Ash Wednesday

by Lorraine Rothenburg, Pastor of Assimilation

“Where were you when….?” This common phrase is often finished by phrases like “. . . JFK was shot”, or if you’re younger, maybe  “. . . John Lennon was shot” or “. . . the Twin Towers were struck on 9/11.”  There are some significant events in history that serve as markers in time to our memories. One such marker for me would be Ash Wednesday 2004. That was the day the long-awaited “The Passion of the Christ” film was released in movie theaters. I remember that day well. We had our Ash Wednesday service that day, and later went to watch this film, ashes still on our foreheads. As I stood in line, I was struck by how many people around me also had ashes on their foreheads, not just those from our church. I was undone by the reality of the gravity of my sin and the costly and dear gift of my salvation as I watched this dramatic visual account of the last week of the life of Christ presented on the Big Screen. That Ash Wednesday, I had a better understanding of the significance of the day.

You see, Ash Wednesday day wasn’t commemorated with a service in the church in which I grew up. It was something I wasn’t very connected to at all and had only a vague understanding about . I would see people at school or in the community that day with ashes on their forehead and find myself wanting to walk up them with a hanky to wipe the “schmootz” off their face with a bit of a dismissive attitude. But now, I can’t imagine heading into the sacred season before Easter without participating in our Ash Wednesday service.

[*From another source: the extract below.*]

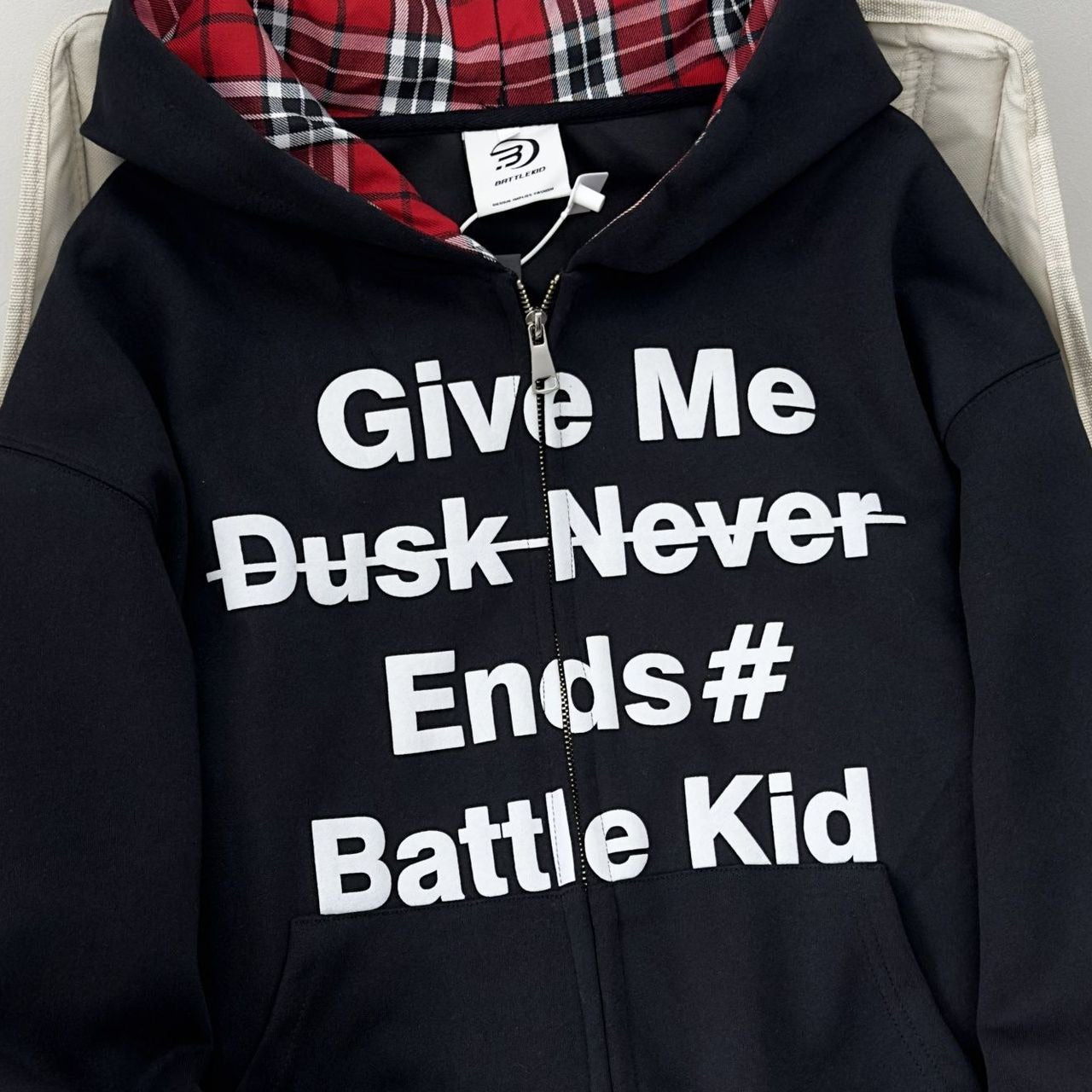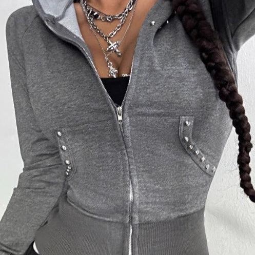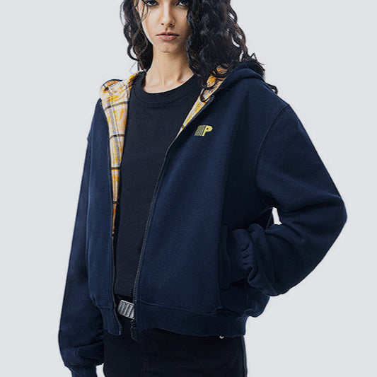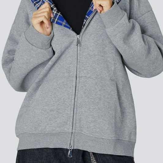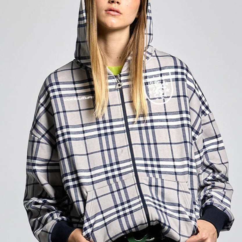 Felpa con cappuccio Y2K con zip e stampa a quadri

Ash Wednesday is a day of repentance and it marks the beginning of the 40 day period known as Lent. It is a day on which believers repent for their sins by fasting, praying and asking for God’s forgiveness. The imposition of ashes on the forehead at this service symbolizes our acknowledgment of our sin. Why ashes? Ashes were used in ancient times, according to the Bible, to express mourning. Dusting oneself with ashes was the penitent’s way of expressing sorrow for sins. Today we do that on our foreheads to acknowledge our common need to repent of our sins. It marks the beginning of a season of repentance, reflection, and fasting which prepares us for Christ’s Resurrection on Easter Sunday, through which we attain redemption.

This year, Ash Wednesday falls on March 9th (this coming Wednesday), and we will be commemorating that day with our service at 7 pm that evening. I do hope you’ll make plans to join us as together we remember and enter into the sacred Lenten Season.